Available data:
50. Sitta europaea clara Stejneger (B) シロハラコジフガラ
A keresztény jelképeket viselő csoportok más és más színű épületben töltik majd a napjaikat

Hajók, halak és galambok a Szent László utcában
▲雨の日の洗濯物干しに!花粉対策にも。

---

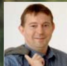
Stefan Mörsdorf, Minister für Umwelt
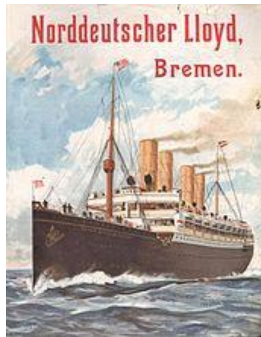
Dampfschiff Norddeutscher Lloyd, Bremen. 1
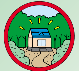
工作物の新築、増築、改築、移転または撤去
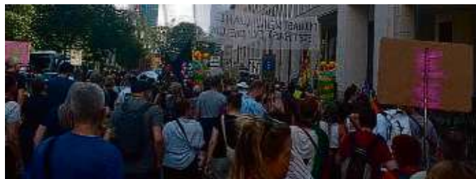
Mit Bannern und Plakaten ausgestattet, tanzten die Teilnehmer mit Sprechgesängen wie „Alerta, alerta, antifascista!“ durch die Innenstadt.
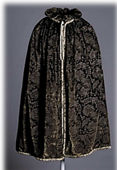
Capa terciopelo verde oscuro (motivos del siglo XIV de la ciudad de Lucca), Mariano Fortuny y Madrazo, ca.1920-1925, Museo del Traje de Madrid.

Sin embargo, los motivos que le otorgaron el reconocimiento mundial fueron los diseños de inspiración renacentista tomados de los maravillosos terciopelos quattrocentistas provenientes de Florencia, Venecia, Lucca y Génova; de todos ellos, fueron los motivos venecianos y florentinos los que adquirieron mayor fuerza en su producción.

...

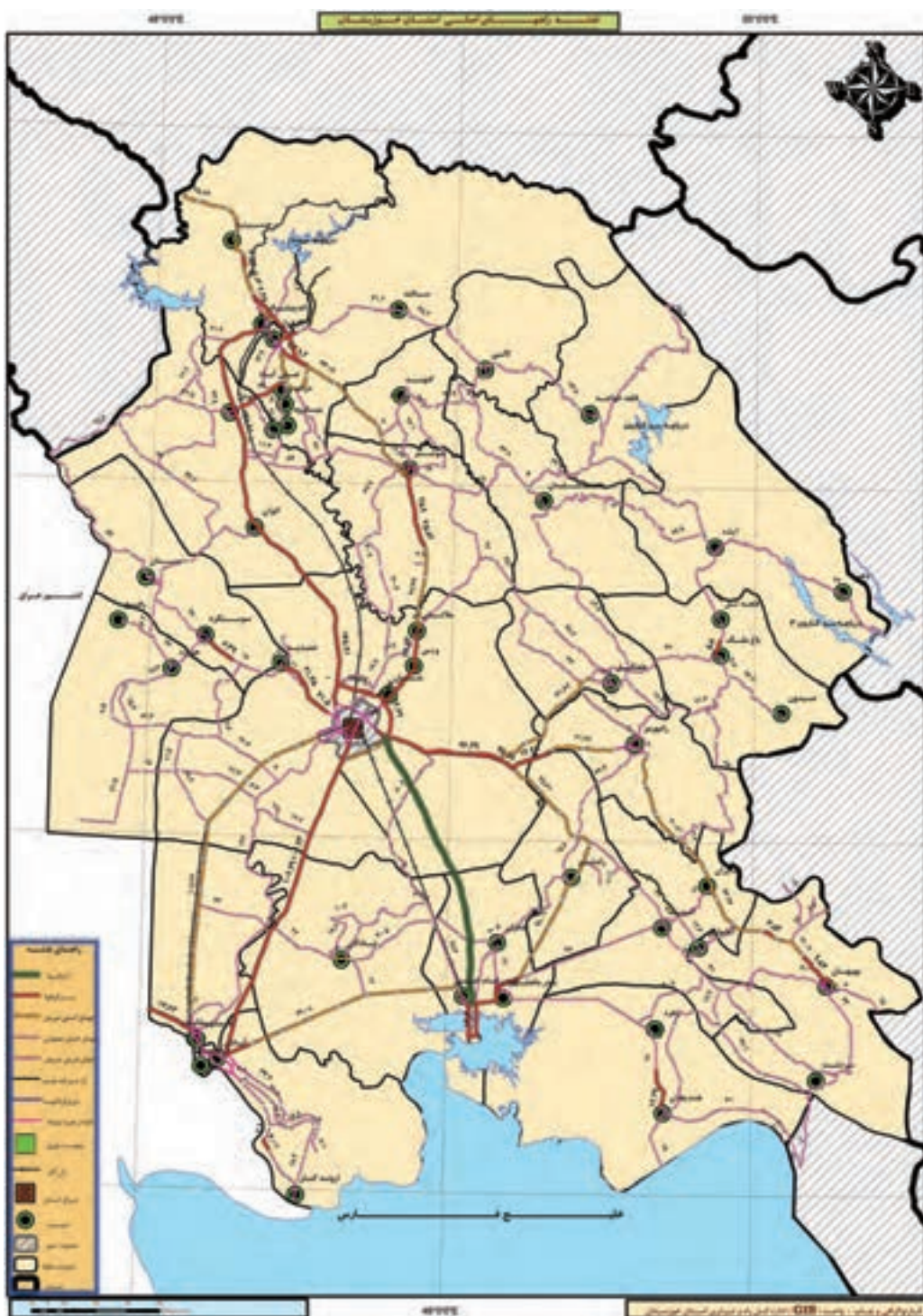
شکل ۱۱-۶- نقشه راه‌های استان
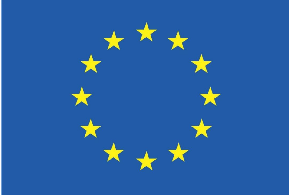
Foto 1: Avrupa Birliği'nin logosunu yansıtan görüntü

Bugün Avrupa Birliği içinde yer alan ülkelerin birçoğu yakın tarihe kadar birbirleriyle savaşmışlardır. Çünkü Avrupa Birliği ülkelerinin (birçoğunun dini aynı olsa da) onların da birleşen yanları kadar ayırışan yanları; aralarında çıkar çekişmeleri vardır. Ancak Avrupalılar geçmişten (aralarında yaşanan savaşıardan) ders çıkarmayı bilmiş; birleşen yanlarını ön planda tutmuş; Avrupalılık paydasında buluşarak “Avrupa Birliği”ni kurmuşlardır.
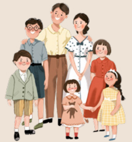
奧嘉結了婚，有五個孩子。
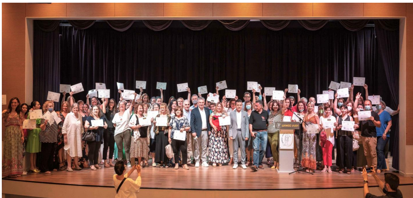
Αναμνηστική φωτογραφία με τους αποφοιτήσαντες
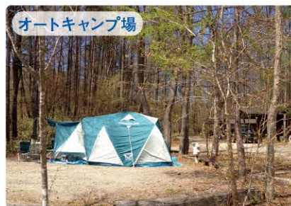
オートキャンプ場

Assigned task:
Above are the records. How many of their lines hold "motivos"? Answer with the number alone.

Written answer:
2